According to researchers at the American Chemical Society, cooking rice with coconut oil and then cooling it can reduce its calories by up to 60%. This surprising discovery is rooted in how this simple preparation method alters the rice's starch content.

Quick Summary

Cooking white rice with coconut oil and then refrigerating it transforms starches into a non-digestible form, which your body absorbs as fewer calories. The process involves creating resistant starch, which also offers gut health benefits.

Key Points

  • Resistant Starch Creation: Cooking rice with coconut oil and then cooling it converts digestible starch into resistant starch.
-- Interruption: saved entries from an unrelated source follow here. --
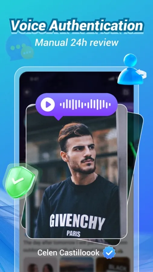 Make sure that all the friends you meet are real, pass voice quiz certification and strict data review and check, so that you will be free from false information and make friends with peace of mind.We will not tolerate any users who violate our regulations and provide you with a safe and reliable social platform.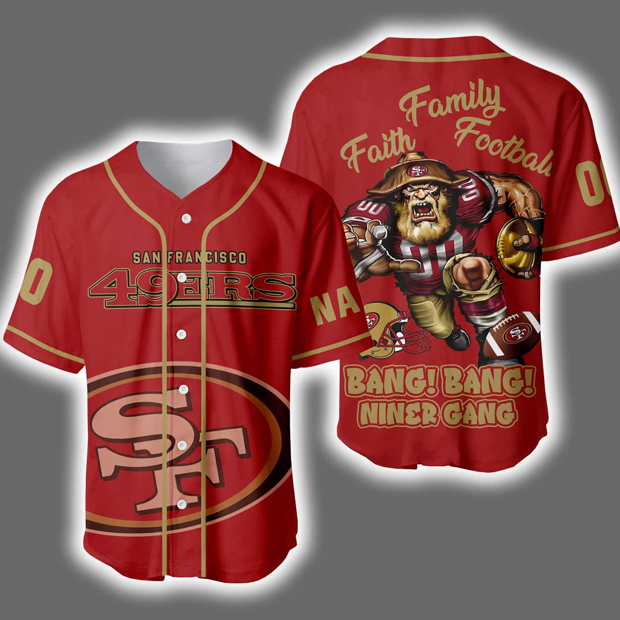 This isn’t just a jersey—it’s a declaration. Drenched in iconic red with gold and white accents, the front proudly displays “49ERS” alongside the team’s classic logo. The number “00” pops on both sleeves, adding a sporty edge. But the real showstopper is on the back: a roaring lion decked out in full 49ers gear, clutching a football like it’s game day every day. Above the beast, the words “Faith Family Football” remind you what matters most. Below, “BANG! BANG! NINER GANG” shouts your allegiance loud and proud.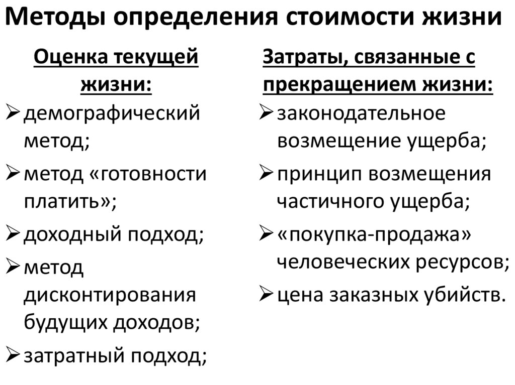 Методы определения стоимости жизниОценка текущей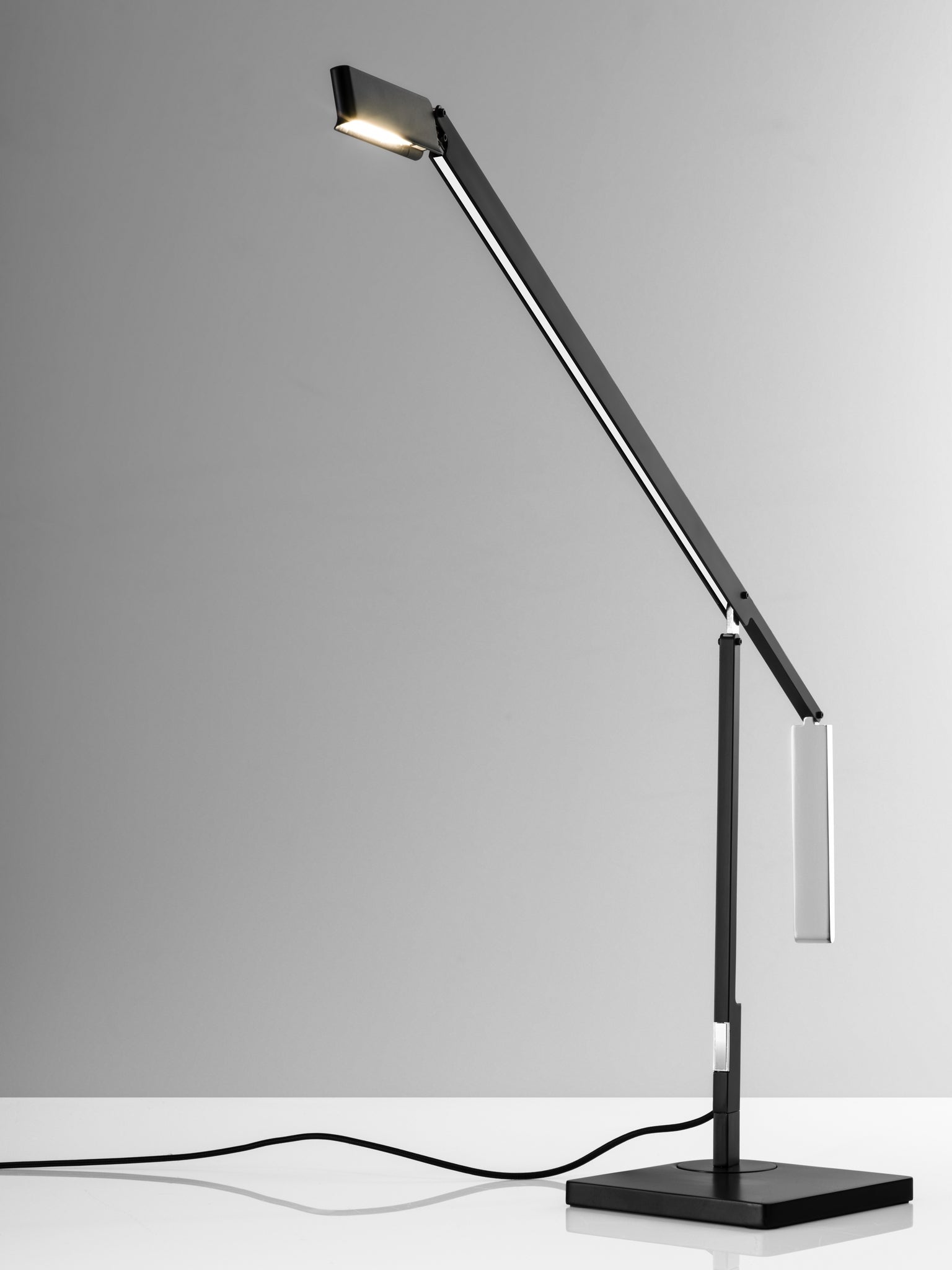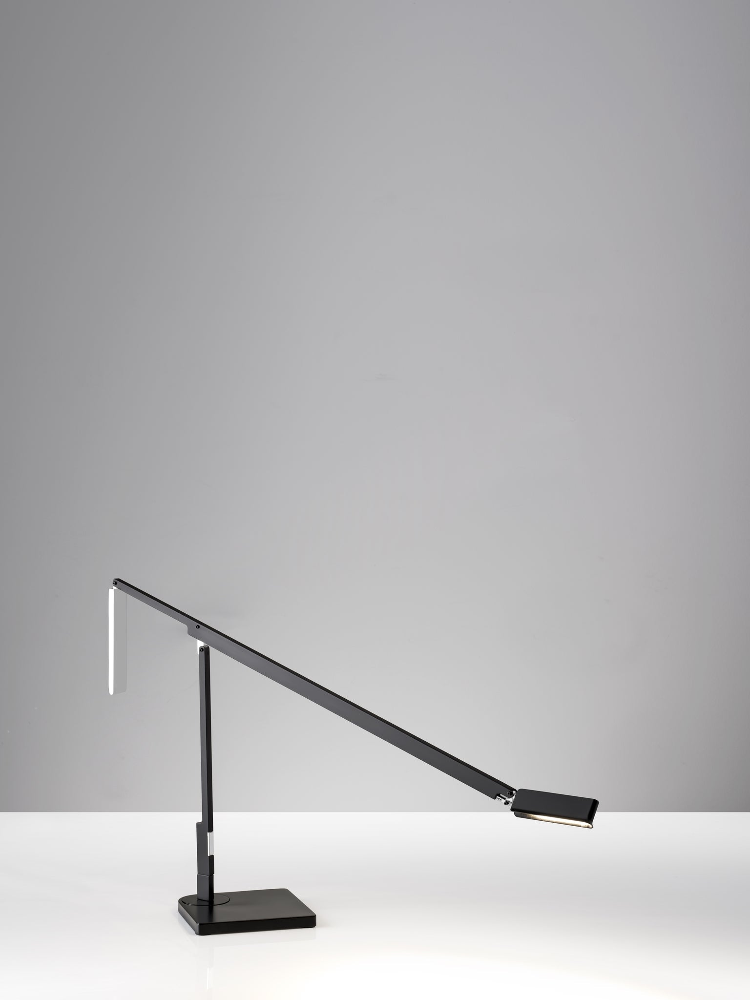 With straight lines and sharp edges, the fluid shape of the Lazzaro LED Desk Lamp is broken up by differing materials and finishes. A shiny chrome counterweight keeps the lamp balanced at every angle, so that the light remains in the position that you choose with ease. Adjustable at every joint, this lamp reaches 14.5 to 24 inches of height while also rotating smoothly left to right. This slim, minimalistic design includes a 5/8" thick rotating shade that yields 530 lumens of functional task lighting that is dimmable by a touch switch located on the pole.
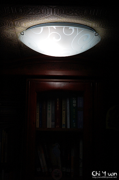 因位於大門與書櫃門開闔處,不適合垂吊的燈具,選擇空間小的吸頂燈。

  • Reduced Calorie Absorption: The body absorbs fewer calories from resistant starch, leading to a potential reduction in net calories from the rice.

  • Requires Refrigeration: The cooling process (at least 12 hours) is essential for the starch to crystallize and become resistant.

  • Lower Glycemic Index: This method can help reduce blood sugar spikes by slowing down the digestion and absorption of carbohydrates.

  • Maintains Benefit on Reheating: The resistant starch formed remains stable even when the rice is reheated.

  • Supports Gut Health: As a prebiotic, resistant starch feeds beneficial gut bacteria, promoting improved digestive health.

  • Not a Weight-Loss Magic Bullet: The technique is a valuable tool for making rice healthier, but it does not replace the need for overall dietary balance and moderation.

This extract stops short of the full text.